Hi Stuart,
On 3/06/2020 8:08 am, Stuart Marks wrote:
Hi Jim,
This was mentioned previously in this thread but not discussed very
much. I suggest you take a look at
jdk.internal.util.ArraysSupport.newLength(). Ivan Gerasimov and I worked
this over fairly closely last year, and I'm pretty sure it does what
Martin is saying, which I also think is the right thing.
The intent is that it be used for things that have growable arrays,
where the array might have a larger capacity than the logical number of
elements currently stored. Sometimes the array needs to be grown to
accommodate an immediate need (minGrowth) but it's desired to grow
larger (prefGrowth) in anticipation of future needs. If minGrowth can't
be accommodated, it throws OOME, but if prefGrowth can't be
accommodated, it might be acceptable to provide a smaller amount of growth.
(Of course, all this assumes that there is sufficient memory available
to allocate the actual array. ArraysSupport.newLength doesn't attempt to
ascertain that.)
One issue is integer wraparound (overflow). This is the primary value
that ArraysSupport.newLength provides. It would be good to centralize
these computations instead of having them be spread all over.
Another issue is the one that MAX_ARRAY_LENGTH (also called
MAX_ARRAY_SIZE) is trying to address. This is sort-of a misnomer. It's
not the actual maximum array size (which in fact isn't known the the
library). It's actually the maximum array size that the library is
fairly confident the VM can provide, assuming that enough memory is
actually available. What the heck does that mean?
The theoretical maximum array size is Integer.MAX_VALUE, since the JLS
and JVMS don't allow anything larger. However, actual VM implementations
will refuse to allocate an array above a certain amount slightly smaller
than that, even if there is enough memory available. In practice, I
believe the values for current Hotspot are Integer.MAX_VALUE-3 or
Integer.MAX_VALUE-2, depending on whether compressed OOPS are in use.
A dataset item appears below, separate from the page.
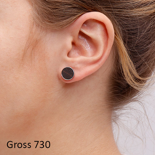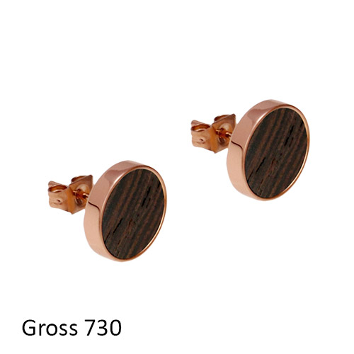 Ohrstecker mit Holzinnenteil, die Fassung und der Stecker sind aus Edelstahl, z.T. PVD beschichtet
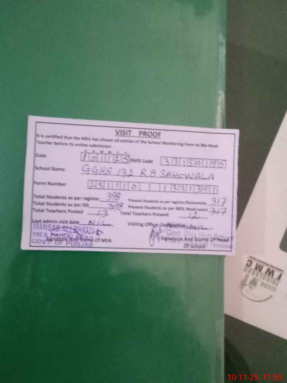 | EMIS Code: 33150195 | Name of School: GGHS CHAK 132 RB SAHO WALA | |||

Why is this significant? Consider the following case, where the capacity
of something is currently Integer.MAX_VALUE-100, and it's filled with
elements. The application performs some operation that requires 50
elements (minGrowth) be added. A new array could certainly be allocated
with size Integer.MAX_VALUE-50, but typical growth policies for these
kinds of containers want to increase the current capacity by 1.5x or 2x
(prefGrowth). Doing this multiplication would exceed Integer.MAX_VALUE,
so that won't work. Clearly, we need to clamp the capacity somewhere.
We don't want to clamp the capacity at Integer.MAX_VALUE, because this
allocation would fail on every JVM I'm aware of, even if enough memory
is available. So we don't do that. Instead, we clamp the preferred
growth at some fairly arbitrary value smaller than Integer.MAX_VALUE,
which is here called MAX_ARRAY_LENGTH, and increase the capacity to that
instead. This allows the container's requested allocation to proceed: it
satisfies minGrowth, but it doesn't satisfy prefGrowth. Instead, it
returns a capacity value that's reasonably likely to succeed, given an
unknown JVM implementation limit.
Recall that the container now has Integer.MAX_VALUE-50 elements and the
capacity is MAX_ARRAY_SIZE, which is currently defined somewhat
arbitrarily at Integer.MAX_VALUE-8. Suppose the application now wants to
add 43 elements. What should happen?
We could say, this exceeds MAX_ARRAY_LENGTH, so refuse the request and
throw OOME. This is reasonable and consistent in some sense, but perhaps
not in another. Suppose there is sufficient memory, and the JVM does
allow arrays of Integer.MAX_VALUE-7 to be created. Shouldn't we even try?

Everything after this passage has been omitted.